Diante deste contexto, é até mesmo óbvio que o longa-metragem não foi produzido nas condições ideais. Trata-se de um cinema possível, feito na raça, o que se por um lado transborda vontade por outro deixa escancarado os problemas técnicos existentes, que não são poucos. A começar pela fotografia, ora explorando planos bem abertos ora closes com a câmera tremida, por vezes perdendo o foco ou até mesmo o próprio personagem - contraste decorrente da substituição do diretor de fotografia ainda durante as filmagens, e da impossibilidade de se rodar novamente o que já havia sido feito. A edição também é afetada por tal mudança, resultando em sequências onde o áudio continua após o encerramento da cena em si, adentrando a seguinte. Soma-se a isto a iluminação precária em várias tomadas noturnas e também a bizarra falta de sincronia entre o movimento labial do elenco e os diálogos, que desvia a atenção da narrativa a todo instante.
Tais problemas técnicos, é claro, prejudicam bastante o filme - mas não são os únicos. Há também um certo descompasso narrativo entre o que é dito e o que é exibido, fruto em boa parte das mesmas dificuldades financeiras. Situado em 1977, Bandeira de Retalhos mantém diálogos com termos da época, por vezes com um ritmo próprio de rima, mas o figurino e mesmo a ambientação nem sempre seguem o mesmo apuro - há uma cena em que uma câmera portátil moderna aparece, com uma figurante falando ao celular ao fundo. Detalhes que, pouco a pouco, minam a crença do espectador naquela realidade ali retratada. O que é uma pena, pois Bandeira de Retalhos tem o que dizer.

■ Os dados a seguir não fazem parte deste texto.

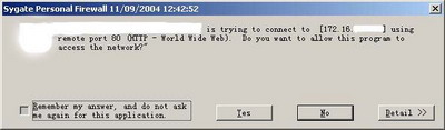 有些程序在你安装完之后,会连到网络去,这时候sygate personal firewall会弹出对话框,如果这个程序没有必要连接网络,建议不要让它连接网络,选no。如图。
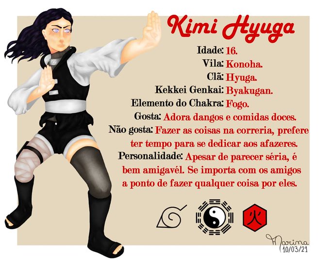 Essa é a primeira Personagem Original (OC) de um projeto pessoal baseado no resultado de alguns testes de personalidade. Bem, aqui está Kimi Hyuga, minha OC de Naruto.
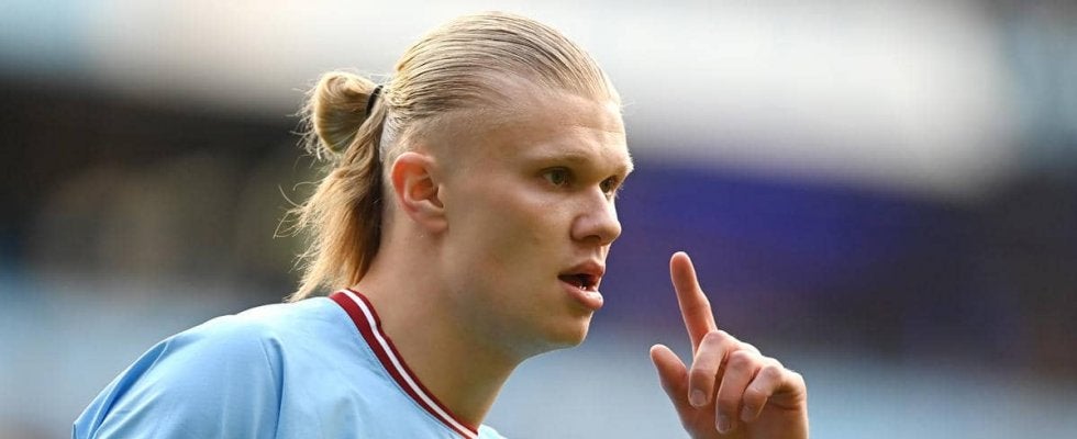 マンチェスター・シティのノルウェー代表FWアーリング・ハーランドが青に身を包んでいる。 今シーズンからプレーするシティで…
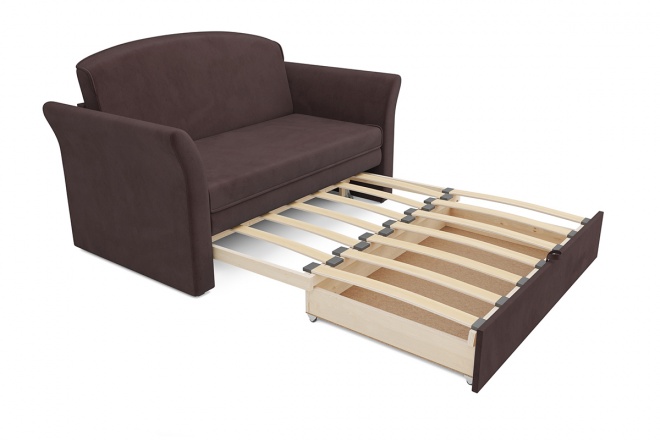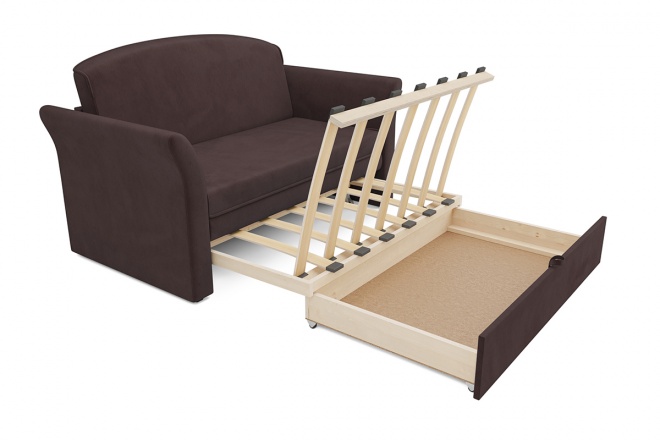 Диван Линдакомпактный диван-кровать с красивыми плавными формами. Диван раскладывается в кровать при помощи выкатного механизма. Ровная поверхность для сна. В качестве основания используются березовые ламели. Матрац - высокоэластичный ППУ (мебельный поролон). Основание на деревянных латах равномерно распределяет нагрузку на спальное место. Для хранения подушек и постельных вещей предусмотрен ящик для белья.
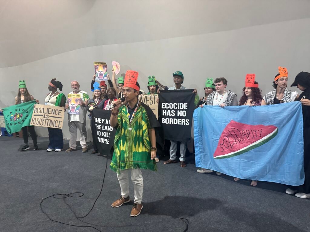 “Lamentablemente no tenemos poder de decisión, pero estamos presentes porque sabemos la urgencia del problema y vemos que el sistema actual está implosionando y a su paso destruyendo el planeta y destruyéndonos a nosotros”, dice Bryan Bixcul, de la comunidad Maya-Tz’utujil de Guatemala y coordinador global de la coalición SIRGE, una plataforma liderada por indígenas para que ejerciten su derecho al consentimiento previo, libre e informado.
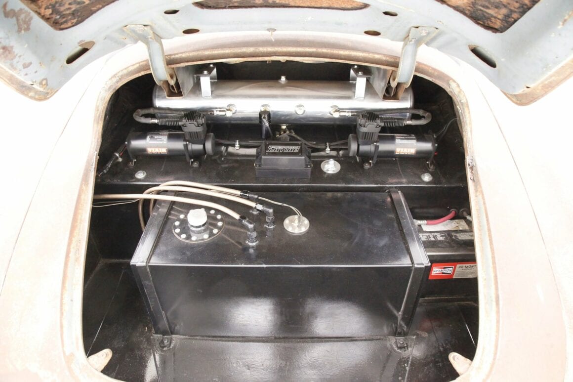 En regardant divers aspects sous le ventre de cette Special, nous notons un solide châssis périmétrique et un système de conduite pneumatique Ridetech Shockwave, avec commandes d’application, un arbre de transmission chromoly de 3po relie la transmission à l’essieu arrière et deux compresseurs Viair 444 sont à bord pour le système de conduite pneumatique. Au cours de la dernière décennie, les Rat-Rods pullulent alors qu’émergent des Rat’s’Kustom’s construits de cette même manière particulière, généralement connue pour être des versions très exagérées des Hot-Rods Jalopy de style 1950. Par jalopy’s très exagérés, nous entendons les voitures qui sont construites pour avoir l’air mal faites exprèssement, généralement assemblées à partir de vieilles pièces de ferraille, et sont donc généralement mal construites avec peu de considération pour la sécurité. Cependant, les Rat’s-Rod’s n’étaient pas toujours ces dépotoirs mal construits sur roues, ont en fait évolué au fil des ans et traversé plusieurs changements et phases différentes, beaucoup d’exemples d’aujourd’hui sont à la fois parmi les meilleurs des pires.
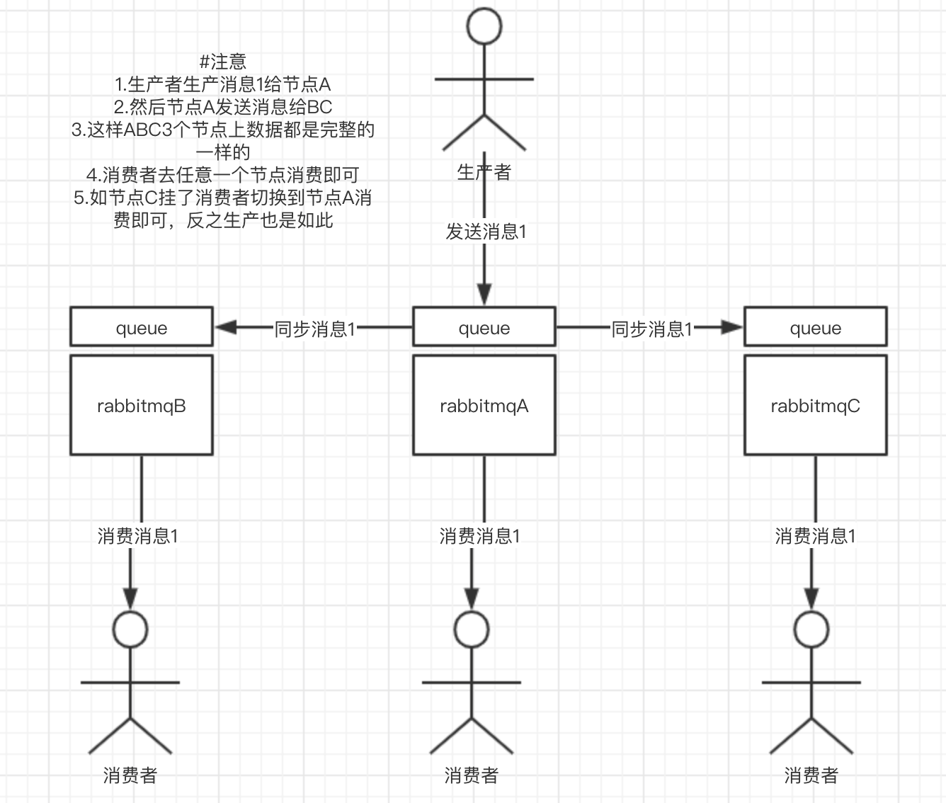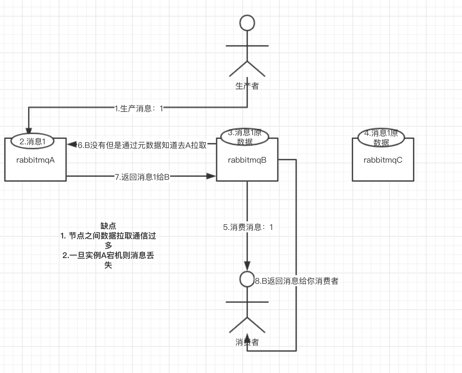普通集群模式,有服务器ABC,在服务器ABC上分别启动RabbitMQ实例,生产者生产消息1,随机发给某一实例A,实例BC上记录消息1的原数据信息(比如消息1具体信息在示例A上),消费者消费消息,随机连接某个示例B,消费消息1,实例B根据原数据发现消息1在实例A上,则实例B去实例A拉取消息返回给消费者。
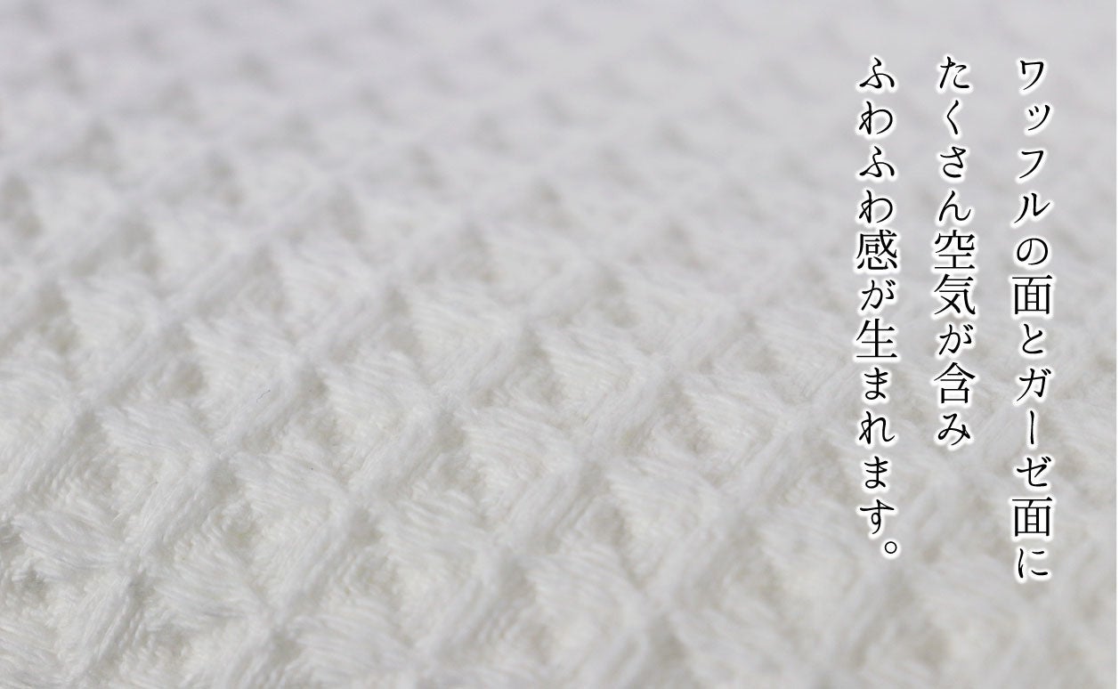 今回、成願が開発したワッフルガーゼケットはマシュマロのような柔らかさを追求し、女性やお子様にぴったりのふんわ~りやわらか至福のガーゼケットです!

Seguindo a linha de vários filmes do Cinema Novo - contemporâneo do diretor, é bom ressaltar! -, Sérgio Ricardo aqui dá voz aos oprimidos, representados pelos moradores do Vidigal. Há uma sucessão de agressões sociais, em maior ou menor escala: o Estado que deseja expulsá-los do lugar em que vivem, a polícia como meio de execução das ordens impostas, o filho que presenciou o assassinato de seus pais, trabalhadores, e por isso se tornou bandido. São retratos de uma injustiça cotidiana que, infelizmente, ainda repercutem nos dias atuais. Basta relembrar a forma como os moradores da Vila Autódromo foram tratados, em meio às obras para as Olimpíadas de 2016.
Tal defesa do povo e sua convocação para lutar pelo que é seu, no fim das contas, é o interesse maior de Sérgio Ricardo ao registrar esta história real na telona, e o que o filme entrega de melhor. Sem ter como filmar cenas mais complexas, o diretor ainda conseguiu driblar as dificuldades ao optar por um lado documental, inserindo trechos de reportagens antigas sobre o fato, que complementam bem o que é encenado. Além disto, a boa trilha sonora auxilia a narrativa, dando ritmo aos eventos, e Kizi Vaz até é competente como a protagonista Tiana. Mas é só.
Com uma subtrama mal desenvolvida envolvendo um triângulo amoroso, Bandeira de Retalhos ainda apresenta diversas falhas na condução de seu elenco coadjuvante, alguns sem o menor cacoete para atuação. Há também incoerências comportamentais de certos personagens, como os de Antonio Pitanga e Osmar Prado, que beiram o risível. Diante de tantos problemas, mesmo a boa vontade e a dedicação do trabalho coletivo empregado são insuficientes para entregar um filme minimamente razoável. Os erros, técnicos e narrativos, saltam aos olhos a todo instante.
Como curiosidade, um alerta para o trecho de reportagem que surge ao término de todos os créditos finais. Nada supera o brasileiríssimo "o Papa é gente fina", ainda mais dentro do contexto retratado.
Filme visto na 21º Mostra de Tiradentes, em janeiro de 2018.